Кто руку добывает, кто ее до дела доводит. Золото моют, платинешку выковыривают, бутовой да горновой камень ломают, цветной выволакивают. Кто опять веселые галечки выискивает да в огранку пускает. Лесу валить да плавить приходится немалое число. Уголь тоже для заводского дела жгут, зверем промышляют, рыбой занимаются. Случалось и так, что в одной избе у печки ножи да вилки в узор разделывают, у окошка камень точат да шлифуют, а под полатями рогожи ткут. От хлебушка да скотинки тоже не отворачивались. Где гора дозволяла, так непременно либо покос, либо пашня. Одним словом, пестренькое дело, и ко всякому сноровка требуется, да еще и своя живинка полагается.
Про эту живинку и посейчас не все толком разумеют, а с Тимохой занятный случай в житье вышел. На примету людям.
Он, этот Тимоха, — то ли от молодого ума, то ли червоточина какая в мозгах завелась, — придумал всякое здешнее мастерство своей рукой опробовать да еще похваляется:
— В каждом до точки дойду.
Семейные и свои дружки-ровни стали отговаривать:
— Ни к чему это. Лучше одно знать до тонкости. Да и житья не хватит, чтобы всякое мастерство своей рукой изведать.
Тимоха на своем стоит, спорит да по-своему считает.
— На лесовала — две зимы, на сплавщика — две весны, на старателя — два лета, на рудобоя — год, на фабричное дело — годов десяток. А там пойдут углежоги да пахари, охотники да рыбаки. Это вроде забавы одолеть. К пожилым годам камешками заняться можно, али модельщиком каким поступить, либо в шорники на пожарной пристроиться. Сиди в тепле да крути колеско, фуганчиком пофуркивай либо шильцем колупайся.
Старики, понятно, смеются:
— Не хвастай, голенастый! Сперва тело изведи.
Тимохе неймется.
— На всякое, — кричит, — дерево влезу и за вершинку подержусь.
Старики еще хотели его урезонить: вершинка, дескать, мера ненадежная — была вершинкой, а станет серединкой, да и разные они бывают — одна ниже, другая выше.
Только видят, — не понимает парень. Отступились:
— Твое дело.
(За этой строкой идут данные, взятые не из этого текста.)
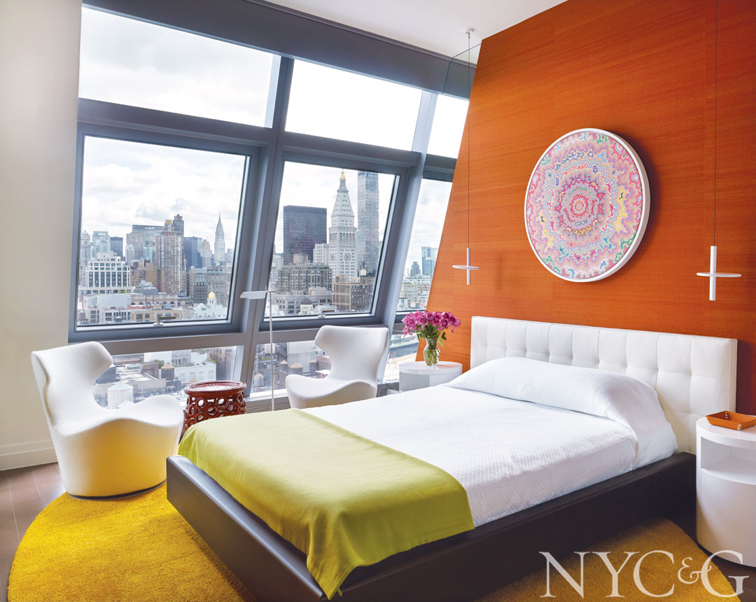 A Millard Owen Sheets painting and a velvet-upholstered bench face the bed, along with midtown Manhattan views.

Чур, на нас не пенять, что вовремя не отговорили.
Вот и стал Тимоха ремёсла здешние своей рукой пробовать.
Парень ядреный, к работе усерден — кто такому откажет. Хоть лес валить, хоть руду дробить — милости просим. И к тонкому делу допуск без отказу, потому — парень со смекалкой и пальцы у него не деревянные, а с большим понятием.
Много Тимоха перепробовал заводского мастерства и нигде, понимаешь, не оплошал. Не хуже людей у него выходило.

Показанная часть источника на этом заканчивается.